Norway’s state-owned Statoil oil and gas company won the right to develop an offshore wind farm in US waters last week, practically within hours of selling off its tar sands oil assets in Canada. The new wind area is off the coast of New York State, hard by New York City, which makes it a high status, high visibility site for the global energy giant.
Bidding for the offshore lease was “intense,” which brings up the question: exactly what kind of great deals will President-elect Donald Trump bring to the US public, as steward of the nation’s vast fossil and renewable energy resources?
Offshore Wind Taking Off In The US
The new wind lease is part of a coordinated program to develop wind farms off the Atlantic Coast.

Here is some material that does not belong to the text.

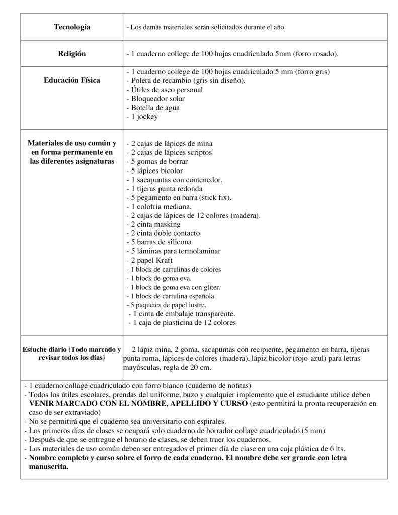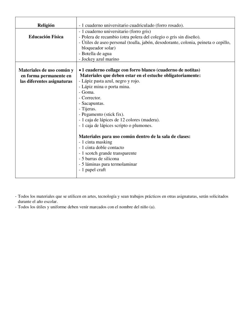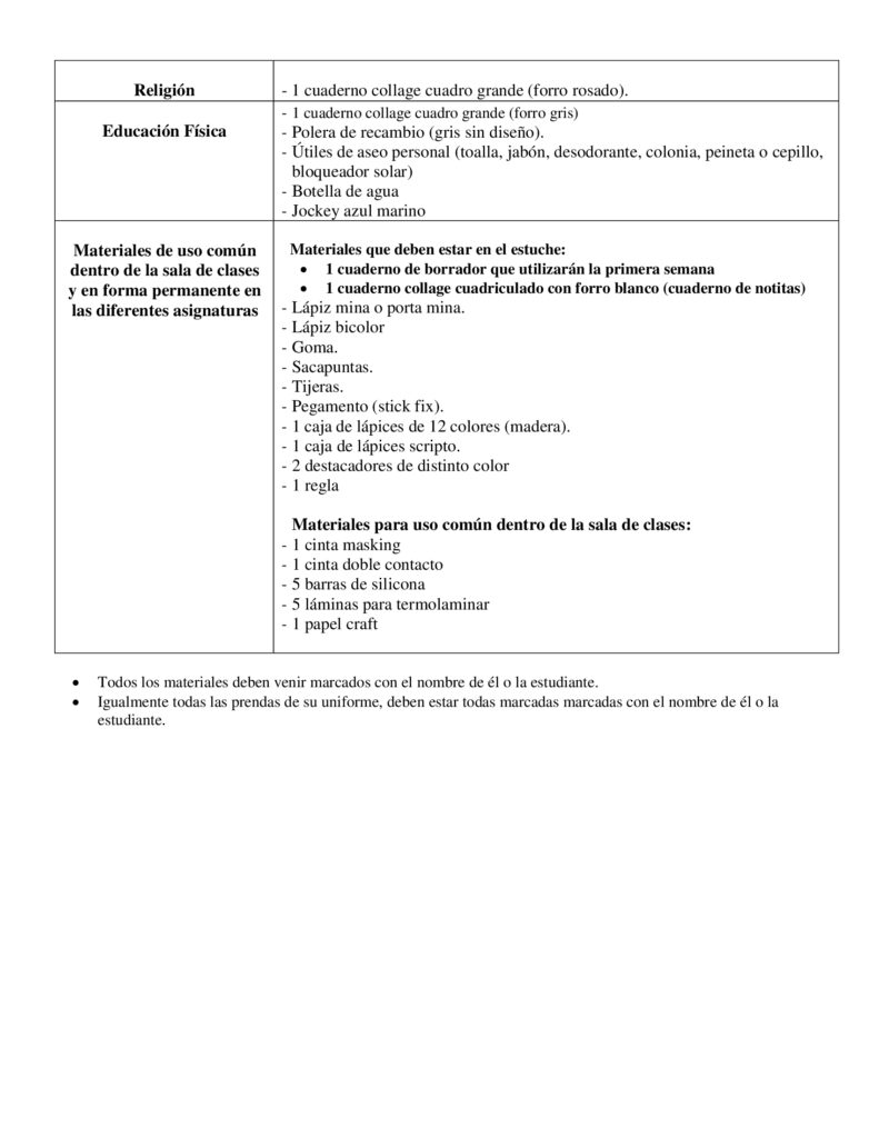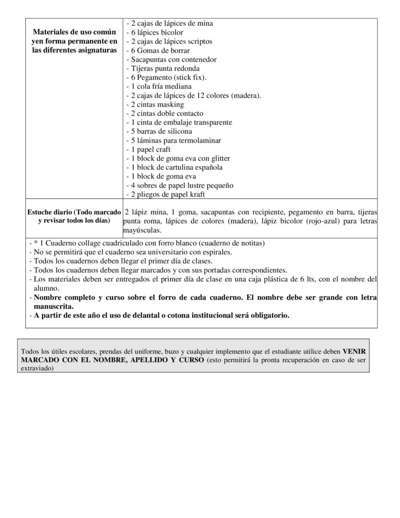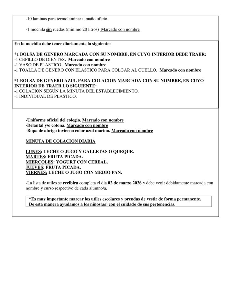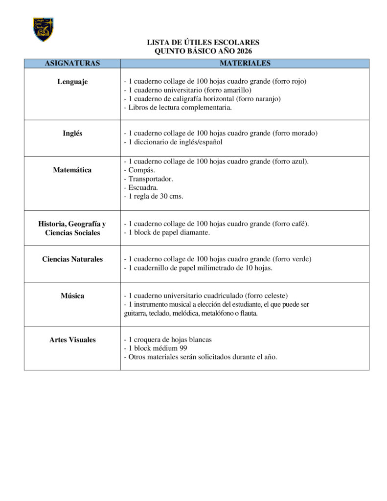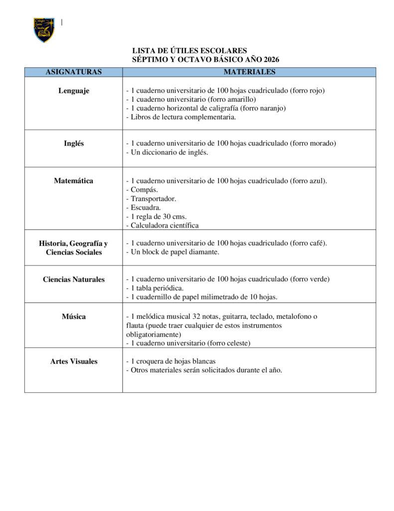 Listas de Útiles 2026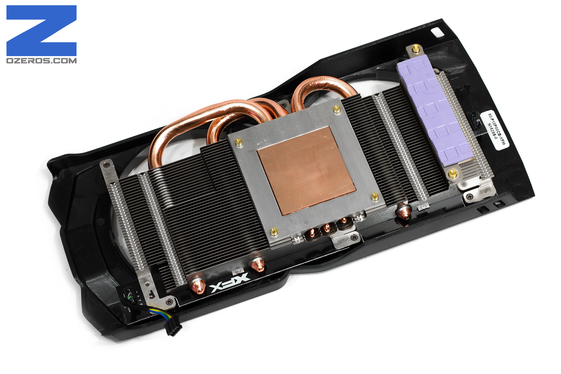 Al desmontar el sistema de refrigeración vemos que podemos sacar los ventiladores con gran facilidad, es solo presionar el seguro y ya podemos retirarlos, además carecen de cables, utilizan un sistema de contacto para energizarse, esto ayuda bastante al querer remover el polvo que se acumule entre las aletas de aluminio, además de conexión a la tarjeta gráfica es desmontable por ambos lados, aunque como no todo puede ser color de rosa debemos decir que nos parece impresentable la forma en que se aplicó la pasta disipadora al núcleo de XFX Radeon RX 470, esperemos que este sea un caso particular de la muestra que recibimos y no se dé en toda la serie. Finalmente vemos el disipador, el cual posee una gran base de cobre que tiene contacto directo con el núcleo y cuenta con 3 heatpipes de cobre que recorren las aletas de aluminio.

Including the new New York lease, the US Department of the Interior has now leased 11 offshore areas for development through its Bureau of Ocean Energy Management.
Much of the 3,000-mile-long coast is ideal for renewable energy development. The relatively shallow waters of the Continental Shelf are one attraction.
Another plus is the proximity of major population centers all along the coast, from Boston to New York City and on down to Miami.
The warm, electricity-hungry southern coastal states form another added bonus in terms of demand growth. Climate change is one factor (think: more air conditioning). Another factor is the region’s notoriously lax worker protections, which have helped to spark a resurgence of industrial activity.
As for Statoil, the company is still a leading oil and gas developer with recent investments in the Gulf of Mexico, and its US shale assets are problematic to say the least. Some are located in the Bakken play, starting point of the proposed (and temporarily stalled) Dakota Access oil pipeline.
On the other hand, the ditching of the tar sands oil is a step in the right direction, and Statoil has been transitioning rapidly into wind energy.